La forza della recitazione della Parola di Dio e delle invocazioni dell’imam per la richiesta di ogni bene da parte del nostro Creatore, fa spesso sgorgare lacrime di profondo pentimento che lavano i cuori e lasciano una sensazione di pace, pienezza e soddisfazione.

A pochi adepti delle scuole iniziatiche estremamente qualificati invece, sono riservate quelle forme di Ricordo solitarie dette ‘Khalwa’ dove il discepolo si separa completamente del mondo per un certo periodo di tempo dedicandosi esclusivamente al Ricordo di Dio rimanendo da solo con il suo ego ed il suo Signore. Una prova durissima e intensa che ha l’obiettivo di perdersi nella dolcezza della solitudine per trovare l’Unica vera Compagnia che dovrà accompagnarlo con quello stato una volta uscito: quella di Dio. Per il comune credente è più difficile realizzare questo in una pratica devozionale comune, come una delle cinque preghiere quotidiane, ma non è affatto impossibile. È pur sempre una questione di autodisciplina e di controllo del proprio ego.

Dice infatti il Maestro Ibnu Ata Allah as-Sakandari nel suo libro ‘Sentenze e colloquio mistico’: “Niente giova al cuore come una solitudine che gli permette di entrare nel campo della meditazione”.

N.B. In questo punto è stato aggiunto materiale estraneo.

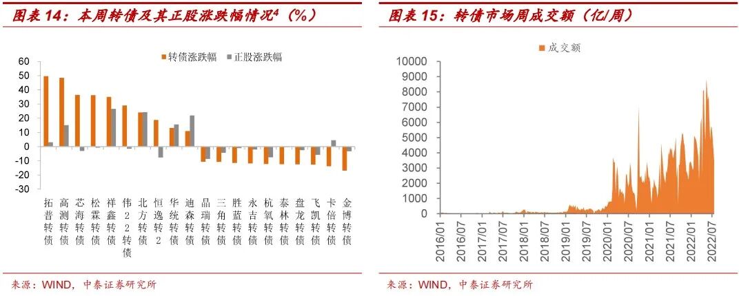 本周中证转债指数较上周下跌0.29%,报收425.16点。从个券表现来看,整体涨跌互现,其中涨幅前三的是拓普转债、高测转债和芯海转债,涨幅分别为49.67%、48.52%和36.45%;跌幅前三的分别是金博转债、卡倍转债和飞凯转债,跌幅分别为16.87%、13.78%、12.69%。本周转债市场成交金额为3467.74亿元,较前一周下降16.90%。

Con l’avvento del nuovo secolo e la nascita di smartphone e social network, la quasi totalità degli occidentali e una grossa fetta dei popoli orientali che vivono di riflesso allo sviluppo tecnologico dei primi, hanno subito una forte ristrutturazione della società. Prima di quell’evento infatti le persone vivevano principalmente la propria vita sociale all’interno delle piazze e della comunità, sviluppavano rapporti interpersonali faccia a faccia e mantenevano un contatto con i propri pari pressoché continuo. Oggi i luoghi virtuali hanno preso il posto delle piazze e gli smartphone sono diventati il piccolo oblò dal quale vediamo la realtà che ci circonda secondo gli algoritmi che decidono di mostrarci una cosa piuttosto che un’altra.

Prima di tutto questo vi era il condizionamento della televisione che veniva però limitato dal continuo contatto umano. Il presente invece è fatto di persone che vivono i rapporti sociali in completa solitudine,  totalmente condizionati dalla visione che ci viene proposta da chi ci ha venduto i servizi che utilizziamo.

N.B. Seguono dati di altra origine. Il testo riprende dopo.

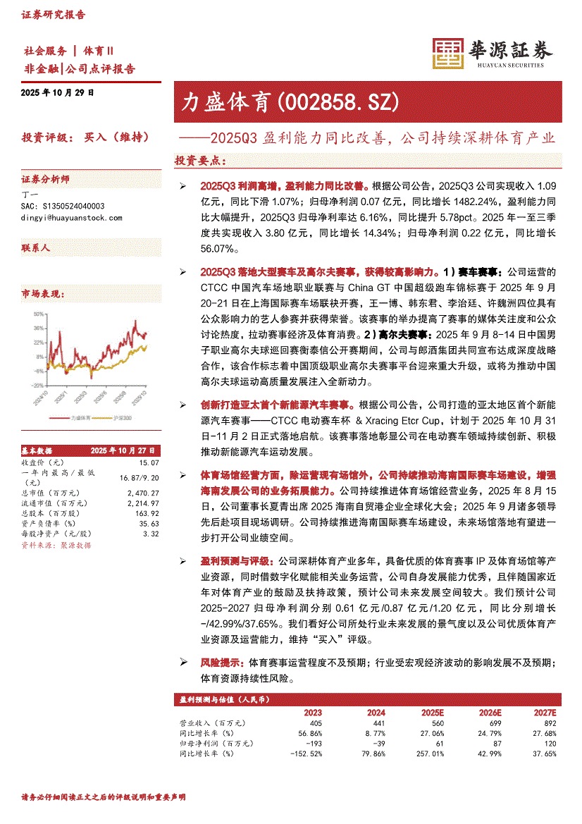 力盛体育:华源证券-力盛体育-002858-2025Q3盈利能力同比改善,公司持续深耕体育产业-251029

Questo ci lascia continuamente da soli con il nostro ego, e mentre la nostra assenza corporea in una società di esseri umani veri concretizza la nostra sensazione di ‘non essere’ siamo spinti a concorrere in un continuo turbine di affermazione e di presenza nel web dove chi ha sviluppato l’ego più grande è più visibile degli altri, e la sua ‘nuova esistenza’ virtuale si concretizza proporzionalmente alla quantità dei suoi followers.

Non avendo un conseguito quasi nessuna qualificazione spirituale e senza avere neppure delle nozioni di base sull’utilizzo di internet e dei social network, la maggior parte delle persone cade in un buco dal quale poi riesce difficilmente a tirarsene fuori. 

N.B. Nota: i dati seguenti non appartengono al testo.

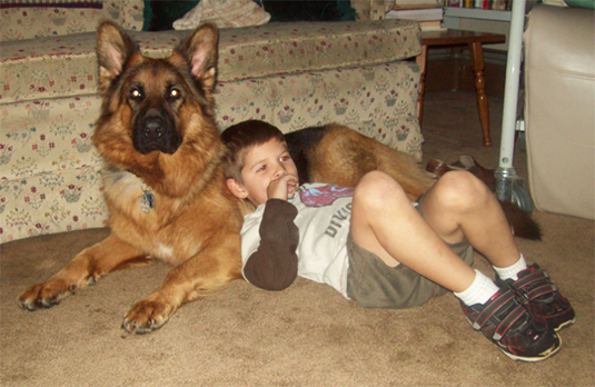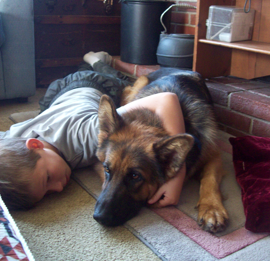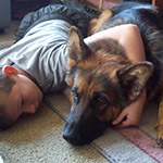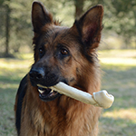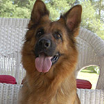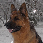 Harley is the foundation of our program. She has one of the most amazing temperaments we've seen in a German Shepherd. She's incredibly loyal, 100% trustworthy in any situation, very expressive and attentive, happily obedient, smart, gentle, playful, and on and on. Additionally she has great conformation, dark pigment, thick bones, and beautiful red and black coloring. While some dogs have value but do not produce well, Harley has proven to pass these wonderful qualities along to her progeny.

In quella khalwa virtuale rovesciata ritrova il costante ricordo di se stesso e viene vinto completamente dalle proprie passioni che di volta in volta si contorcono per offrire un nuovo livello di caduta, di abbandono della strada di Dio e di allontanamento da Lui.

Essendo i credenti musulmani in grossa parte consci della presenza del concetto di Dio, esprimono questa degenerazione dell’ego nell’acquisizione di terminologie sferzanti e ciniche per esprimere i concetti, per supportare le proprie tesi o per rapportarsi con fratelli e sorelle che esprimono visioni diverse dalla propria. 

Questo provoca la rottura del rapporti e la disgregazione della Comunità, rendendo i credenti sempre più deboli e isolati di fronte alle pressioni presenti di una società che vuole sempre di più criminali dare e stigmatizzare l’immagine le dei musulmani. La necessità di esistere nella realtà virtuale toglie sempre di più spazio al vero ricordo di Dio e porta molte persone ad accumulare peccati a causa della propria lingua. 

Probabilmente molti conoscono il detto del Profeta (pbsl) che parla di coloro che cadono all’inferno sulla punta della propria lingua, ma la maggioranza di essi non si rende conto delle dinamiche che li governano nella realtà virtuale e vedono le proprie azioni come necessarie, e solo come un effetto di una causa esterna, di un comportamento altrui che si ritiene sbagliato e che si pensa debba essere corretto.  

Tra le trappole che l’ego tende ai credenti guidandoli su questa via sdrucciolevole via e l’illusione di dover fare Dawa, di dover insegnare l’Islam a chi non lo conosce, di riportare l’importanza di un parere sapienziale rispetto ad altri o di esprimere la propria visione della religione con l’obiettivo di vederla confermata. Per quanto le passioni si addobbino con begl’abiti, rimangono sempre delle buche temibili!

La deriva completa di tutto questo si realizza nella convinzione di coloro che pensano di poter tralasciare la propria educazione religiosa ritrovando la poi sui gruppi presenti su Facebook o su qualche altra piattaforma, sostituendo il provider dei servizi al Maestro educatore.

Non è un caso che le poche sacche di estremismo di matrice islamica si trovino fra le pieghe del web e quasi mai in una realtà comunitaria vera, dove non troverebbero nessuno spazio neppure di fronte alle conoscenze di un credente comune.

Su internet invece trovano l’ambiente più favorevole, ricco di persone ignoranti e di giovani musulmani completamente impreparati e animati da buone intenzioni. Facendo poi leva sul senso di inadeguatezza dovuto ragioni etniche e sociali, o sul rifiuto delle derive della società occidentale, persone malintenzionate trovano consensi rendendo accettabile ciò che non trova nessuna giustificazione nella religione islamica e vendendolo come il massimo del bene raggiungibile per un vero credente.

L’unica cura per non cadere in tutte queste nefaste insidie e cercare di limitare l’utilizzo di internet e dei social network e di aumentare esponenzialmente la pratica del ricordo di Dio nella vera vita comunitaria e se possibile sotto la guida di un Maestro autorizzato.

Non per nulla Dio dice nel Sublime Corano : ‘in verità l’anima ordina il male!’ (12:53) ed a ciò bisognerebbe porre molta più attenzione di quella che emettiamo: che grave errore sarebbe quello di credere di averci pensato abbastanza!

Internet è uno strumento, e come ogni strumento può essere utile o dannoso: se non sapremo trovargli il giusto posto nella scala di valori secondo ciò che è importante nella Religione di Dio, ne verremo completamente sopraffatti e gli unici artefici della nostra sconfitta saremo noi stessi ed il nostro ego.